# Data for this exercise:
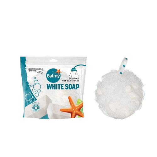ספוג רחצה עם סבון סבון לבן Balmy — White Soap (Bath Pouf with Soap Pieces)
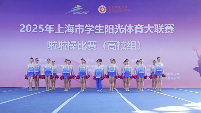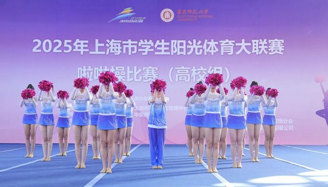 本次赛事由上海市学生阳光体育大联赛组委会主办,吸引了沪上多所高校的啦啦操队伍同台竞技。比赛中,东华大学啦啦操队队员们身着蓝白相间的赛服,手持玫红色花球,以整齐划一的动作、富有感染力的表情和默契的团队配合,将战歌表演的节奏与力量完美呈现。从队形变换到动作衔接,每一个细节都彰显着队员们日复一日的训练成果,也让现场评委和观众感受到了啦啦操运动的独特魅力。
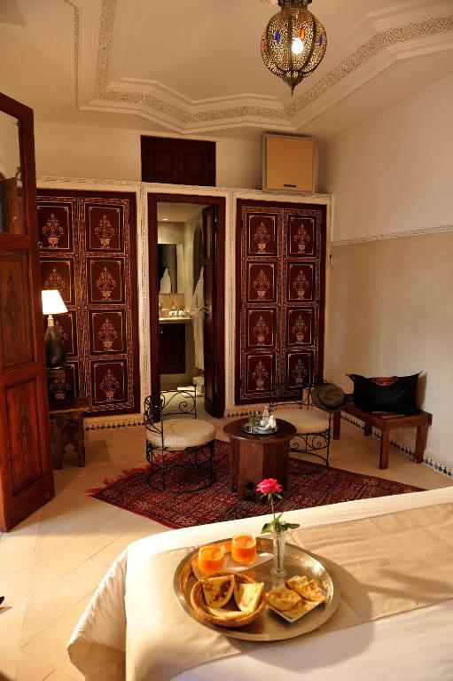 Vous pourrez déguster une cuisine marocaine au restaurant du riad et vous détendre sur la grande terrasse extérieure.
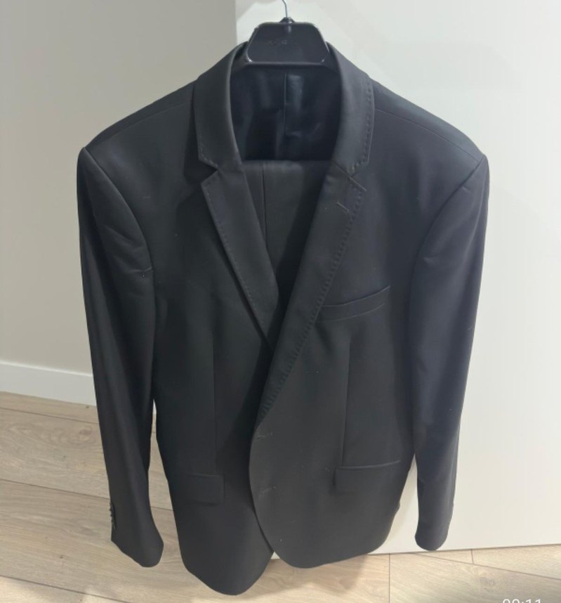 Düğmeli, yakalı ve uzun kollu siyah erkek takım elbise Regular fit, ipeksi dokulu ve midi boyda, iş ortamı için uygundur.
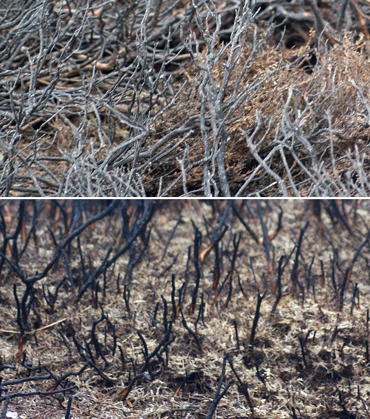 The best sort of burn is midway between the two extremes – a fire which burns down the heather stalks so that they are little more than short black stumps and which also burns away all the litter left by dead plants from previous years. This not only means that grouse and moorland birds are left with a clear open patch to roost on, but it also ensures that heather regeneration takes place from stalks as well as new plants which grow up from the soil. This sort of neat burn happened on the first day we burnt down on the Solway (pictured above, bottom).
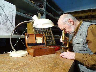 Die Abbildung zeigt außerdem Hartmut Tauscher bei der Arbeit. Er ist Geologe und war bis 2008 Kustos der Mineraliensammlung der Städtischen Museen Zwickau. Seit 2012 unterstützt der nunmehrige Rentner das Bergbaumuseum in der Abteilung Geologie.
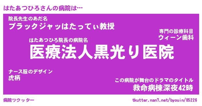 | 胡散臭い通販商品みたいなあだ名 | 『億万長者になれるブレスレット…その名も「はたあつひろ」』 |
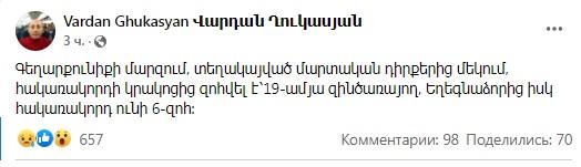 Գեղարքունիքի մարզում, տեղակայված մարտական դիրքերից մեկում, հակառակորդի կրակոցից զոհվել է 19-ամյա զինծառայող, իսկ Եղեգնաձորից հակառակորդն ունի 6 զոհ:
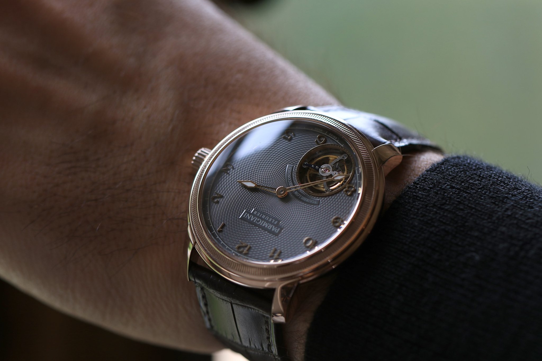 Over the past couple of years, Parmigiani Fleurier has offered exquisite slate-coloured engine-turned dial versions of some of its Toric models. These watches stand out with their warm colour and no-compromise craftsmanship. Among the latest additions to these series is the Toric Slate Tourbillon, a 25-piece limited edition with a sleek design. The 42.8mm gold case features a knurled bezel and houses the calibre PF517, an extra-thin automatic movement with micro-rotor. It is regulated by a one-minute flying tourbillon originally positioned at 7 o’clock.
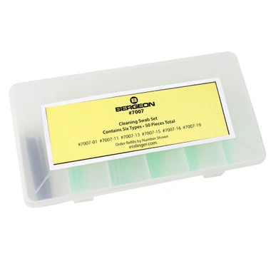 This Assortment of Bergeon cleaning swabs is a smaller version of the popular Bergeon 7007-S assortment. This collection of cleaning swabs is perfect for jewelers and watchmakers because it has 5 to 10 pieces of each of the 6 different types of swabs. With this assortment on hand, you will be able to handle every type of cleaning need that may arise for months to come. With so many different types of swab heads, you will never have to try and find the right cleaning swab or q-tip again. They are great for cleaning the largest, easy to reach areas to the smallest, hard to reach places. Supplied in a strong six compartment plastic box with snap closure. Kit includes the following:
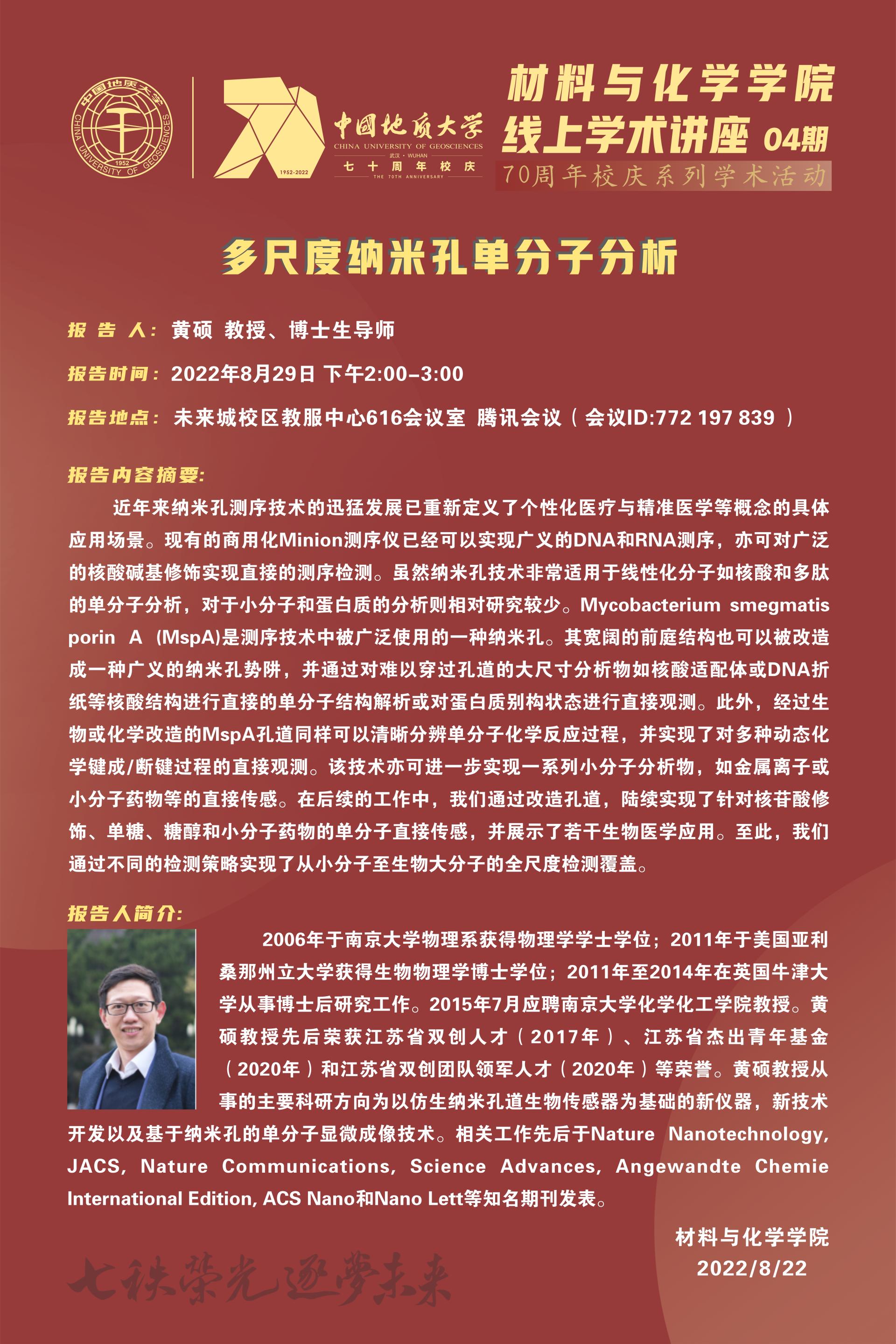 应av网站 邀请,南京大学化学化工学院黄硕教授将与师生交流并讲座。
--
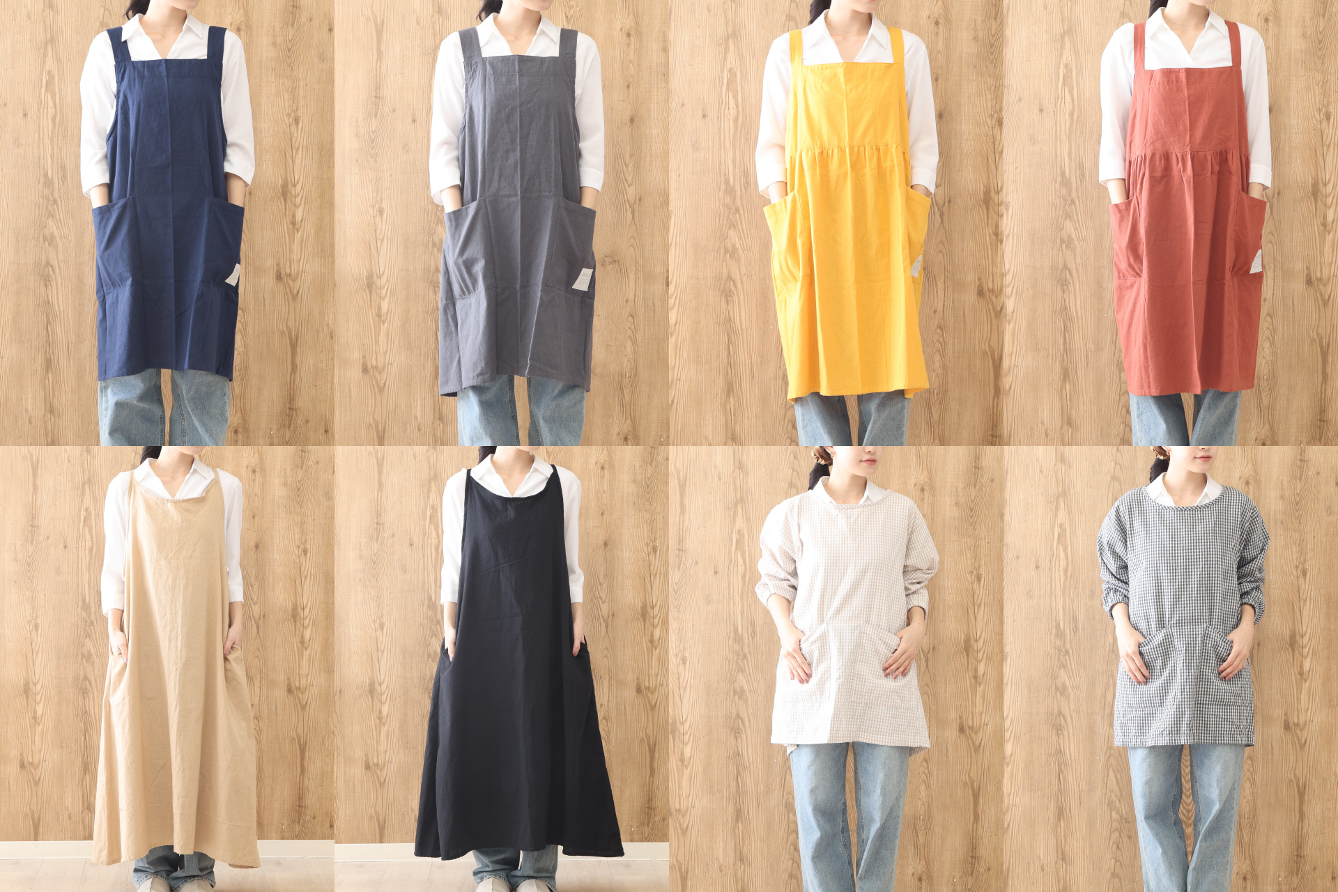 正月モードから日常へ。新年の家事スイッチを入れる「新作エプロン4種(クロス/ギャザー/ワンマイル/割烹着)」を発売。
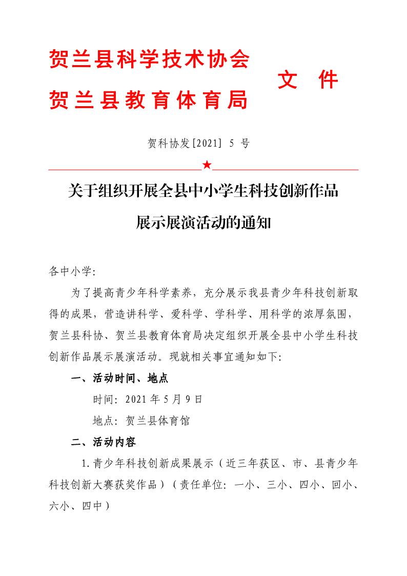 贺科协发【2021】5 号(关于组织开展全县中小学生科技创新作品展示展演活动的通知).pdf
---
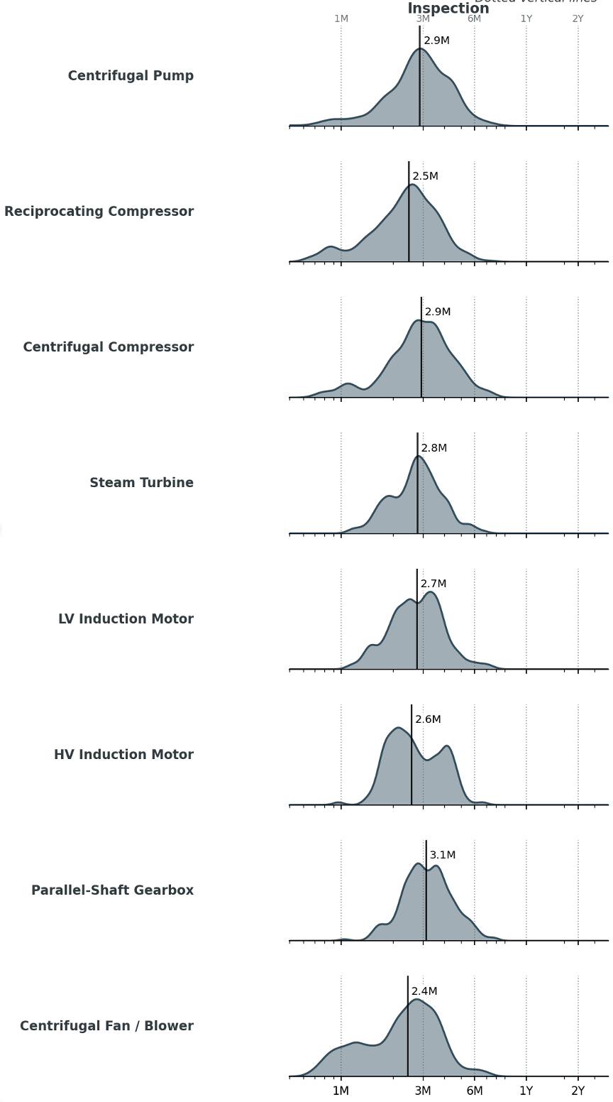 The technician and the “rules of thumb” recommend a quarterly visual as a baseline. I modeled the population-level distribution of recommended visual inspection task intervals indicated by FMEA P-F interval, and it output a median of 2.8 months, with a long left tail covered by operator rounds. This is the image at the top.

# Task details:
Would you restate, exactly and with no pictures, the lines of the entries above from the one containing "ספוג רחצה עם" through the one containing "Գեղարքունիքի մարզում, տեղակայված"?

# Solution to this problem:
ספוג רחצה עם סבון סבון לבן Balmy — White Soap (Bath Pouf with Soap Pieces)
 本次赛事由上海市学生阳光体育大联赛组委会主办,吸引了沪上多所高校的啦啦操队伍同台竞技。比赛中,东华大学啦啦操队队员们身着蓝白相间的赛服,手持玫红色花球,以整齐划一的动作、富有感染力的表情和默契的团队配合,将战歌表演的节奏与力量完美呈现。从队形变换到动作衔接,每一个细节都彰显着队员们日复一日的训练成果,也让现场评委和观众感受到了啦啦操运动的独特魅力。
 Vous pourrez déguster une cuisine marocaine au restaurant du riad et vous détendre sur la grande terrasse extérieure.
 Düğmeli, yakalı ve uzun kollu siyah erkek takım elbise Regular fit, ipeksi dokulu ve midi boyda, iş ortamı için uygundur.
 The best sort of burn is midway between the two extremes – a fire which burns down the heather stalks so that they are little more than short black stumps and which also burns away all the litter left by dead plants from previous years. This not only means that grouse and moorland birds are left with a clear open patch to roost on, but it also ensures that heather regeneration takes place from stalks as well as new plants which grow up from the soil. This sort of neat burn happened on the first day we burnt down on the Solway (pictured above, bottom).
 Die Abbildung zeigt außerdem Hartmut Tauscher bei der Arbeit. Er ist Geologe und war bis 2008 Kustos der Mineraliensammlung der Städtischen Museen Zwickau. Seit 2012 unterstützt der nunmehrige Rentner das Bergbaumuseum in der Abteilung Geologie.
 | 胡散臭い通販商品みたいなあだ名 | 『億万長者になれるブレスレット…その名も「はたあつひろ」』 |
 Գեղարքունիքի մարզում, տեղակայված մարտական դիրքերից մեկում, հակառակորդի կրակոցից զոհվել է 19-ամյա զինծառայող, իսկ Եղեգնաձորից հակառակորդն ունի 6 զոհ:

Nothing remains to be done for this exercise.